Reklama

Ropa

Leszczyński: Orlen osiągnął kwartał taki zysk, jak przez 8 lat rządów PO-PSL

Fot.: PKN Orlen
Fot.: PKN Orlen

Tylko w jednym, trzecim kwartale 2021 r. PKN Orlen wypracował zysk 2,9 mld zł, czyli taki, jak przez osiem lat za rządów PO-PSL – powiedział w czwartek członek zarządu koncernu ds. rozwoju Zbigniew Leszczyński. Jak zapewnił, PKN Orlen robi wszystko, aby ceny paliw w Polsce były jak najniższe.

PKN Orlen podał w czwartek, że w trzecim kwartale 2021 r. Grupa Orlen zanotowała przychody na poziomie 36,5 mld zł, czyli o 52 proc. wyższe niż przed rokiem, a zysk netto wyniósł w tym czasie 2,9 mld zł, to znaczy o 2,3 mld zł więcej niż rok temu.

„W trzecim kwartale 2021 r. PKN Orlen wypracował zysk 2,9 mld zł. To jest zysk taki, jaki przez osiem lat, do 2015 r. wypracował koncern. Czyli w jeden kwartał wypracowaliśmy zysk taki, jaki PKN Orlen wypracował przez osiem lat za rządów PO-PSL” – oświadczył podczas konferencji prasowej członek zarządu koncernu ds. rozwoju Zbigniew Leszczyński.

Jak ocenił, „PKN Orlen jest tak silny, jak silna jest polska gospodarka”. Dodał jednocześnie, iż to, że polska gospodarka rozwija się obecnie bardzo dynamicznie powoduje, że także koncern może bardziej się rozwijać i zarabiać. „W tak dobrym wyniku na pewno pomogła nam również likwidacja przez obecny rząd szarej strefy. Dzięki temu nie mafie paliwowe, tylko PKN Orlen, cała branża paliw w Polsce, może generować wyższe zyski” – podkreślił Leszczyński.

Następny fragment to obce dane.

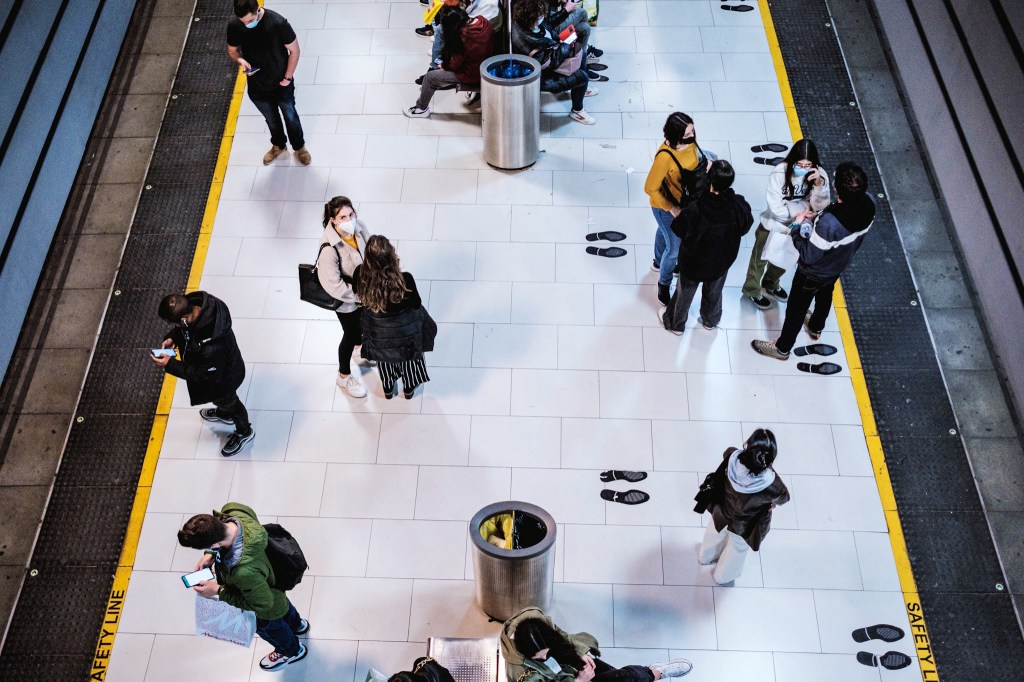 Estaba mirando por el hueco que hay en la estación de renfe en Plaça Catalunya y pensé que era lo suficientemente interesante para hacer una foto, la geometría que formaba la gente quieta, sus acciones o inacción, hablando en grupo o mirando el móvil… y de golpe! Pues sí, no esperaba que nadie mirara hacia arriba mientras hacía esta foto. Ahora me gusta mucho más!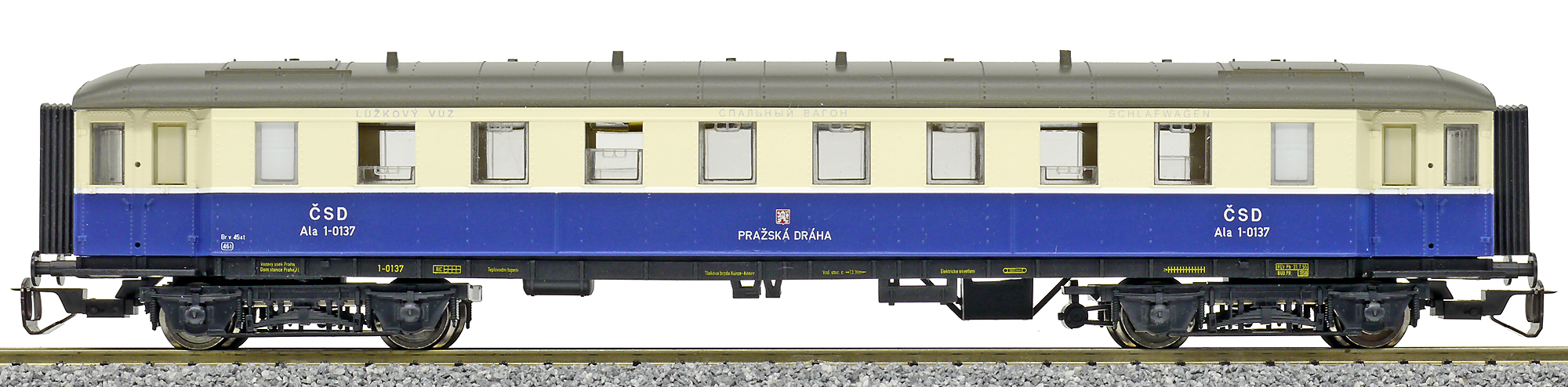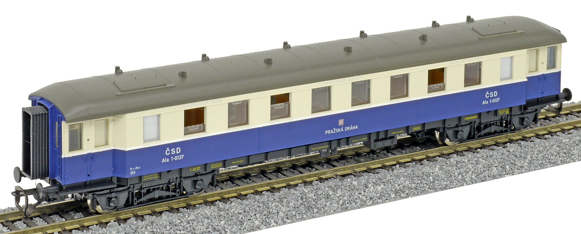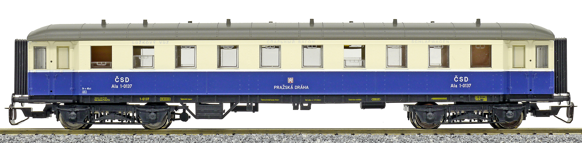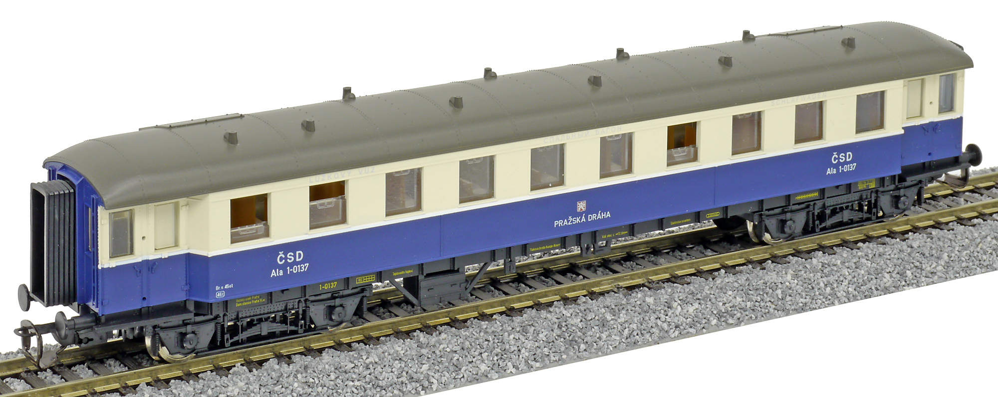 Popis   tmavěmodrý-slonová kost s šedou střechou lůžkový vůz

Członek zarządu PKN Orlen ds. Finansowych Janusz Szewczak zwrócił uwagę, że trzeci kwartał 2021 r. dla koncernu „to kolejny kwartał z rekordowymi wynikami”. „Te wyniki, które osiągnęliśmy, te rekordowe wyniki w trzecim kwartale, one są przede wszystkim efektem sprawnego, dobrego zarządzania spółką, a nie wynikają ze wzrostu marż czy w ostatnich dniach ze wzrostu cen paliw” – zaznaczył.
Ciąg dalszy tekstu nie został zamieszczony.